## Exercise brief
Leave out the pictures and retype, exactly, the lines below from the line with "Кулон с камнем" up to and including the line with "Rayvid AI |", nothing more.

## Task input
--------------------------------------------------
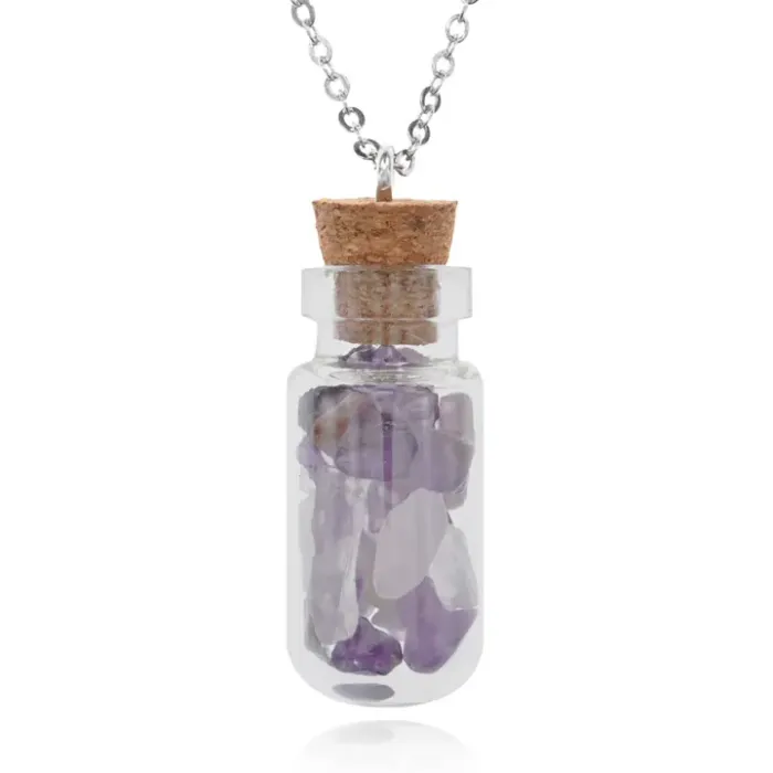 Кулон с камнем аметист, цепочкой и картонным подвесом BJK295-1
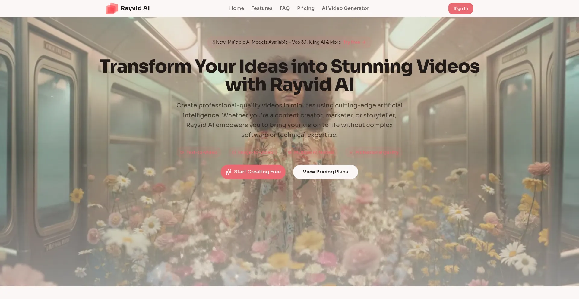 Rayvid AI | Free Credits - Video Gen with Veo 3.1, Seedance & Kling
--------------------------------------------------
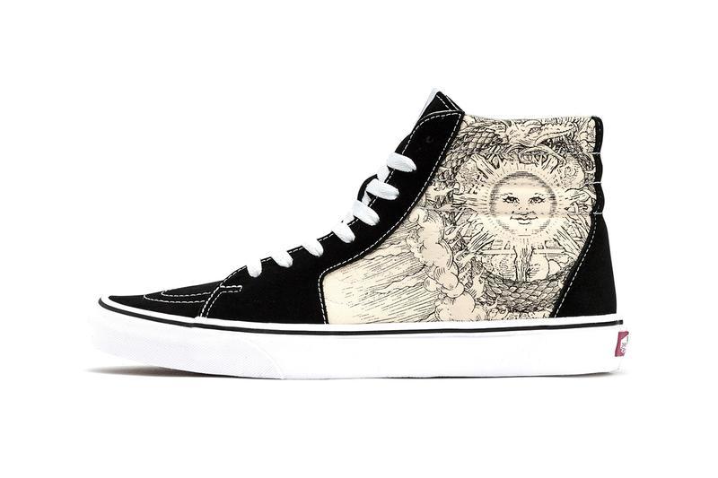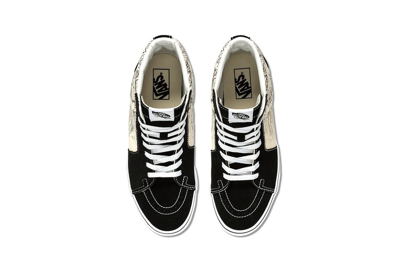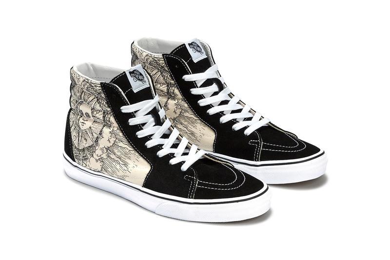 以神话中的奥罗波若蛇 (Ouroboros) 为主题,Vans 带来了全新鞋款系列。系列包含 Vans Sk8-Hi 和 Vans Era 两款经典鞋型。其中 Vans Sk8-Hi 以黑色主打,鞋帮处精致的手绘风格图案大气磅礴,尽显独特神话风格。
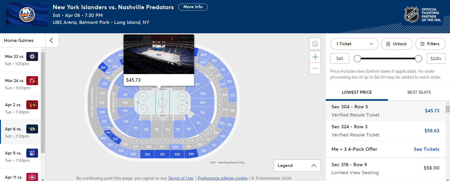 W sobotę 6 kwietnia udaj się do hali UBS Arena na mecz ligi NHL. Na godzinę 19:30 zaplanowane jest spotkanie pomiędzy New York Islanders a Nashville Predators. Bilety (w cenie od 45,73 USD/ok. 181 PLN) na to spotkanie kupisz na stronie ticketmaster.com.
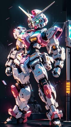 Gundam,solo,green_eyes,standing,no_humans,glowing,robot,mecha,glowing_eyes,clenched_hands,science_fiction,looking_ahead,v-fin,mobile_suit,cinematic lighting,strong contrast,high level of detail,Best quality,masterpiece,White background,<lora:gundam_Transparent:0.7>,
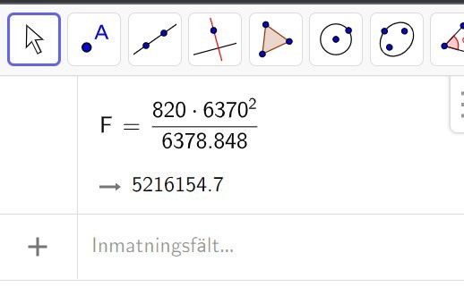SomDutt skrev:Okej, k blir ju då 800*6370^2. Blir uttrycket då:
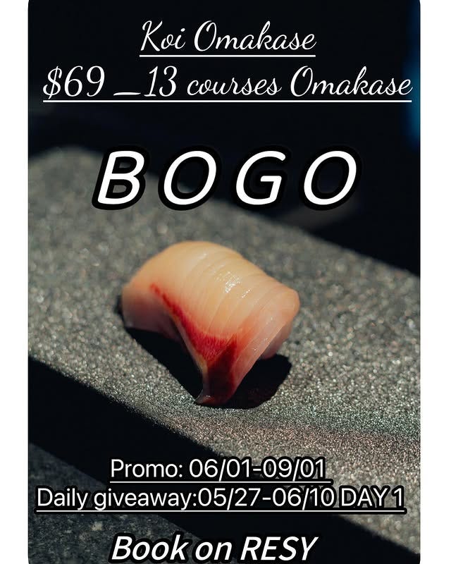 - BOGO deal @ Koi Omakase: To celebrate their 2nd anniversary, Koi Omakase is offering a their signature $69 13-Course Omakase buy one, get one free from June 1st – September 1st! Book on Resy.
--------------------------------------------------
## Answer space
 Кулон с камнем аметист, цепочкой и картонным подвесом BJK295-1
 Rayvid AI | Free Credits - Video Gen with Veo 3.1, Seedance & Kling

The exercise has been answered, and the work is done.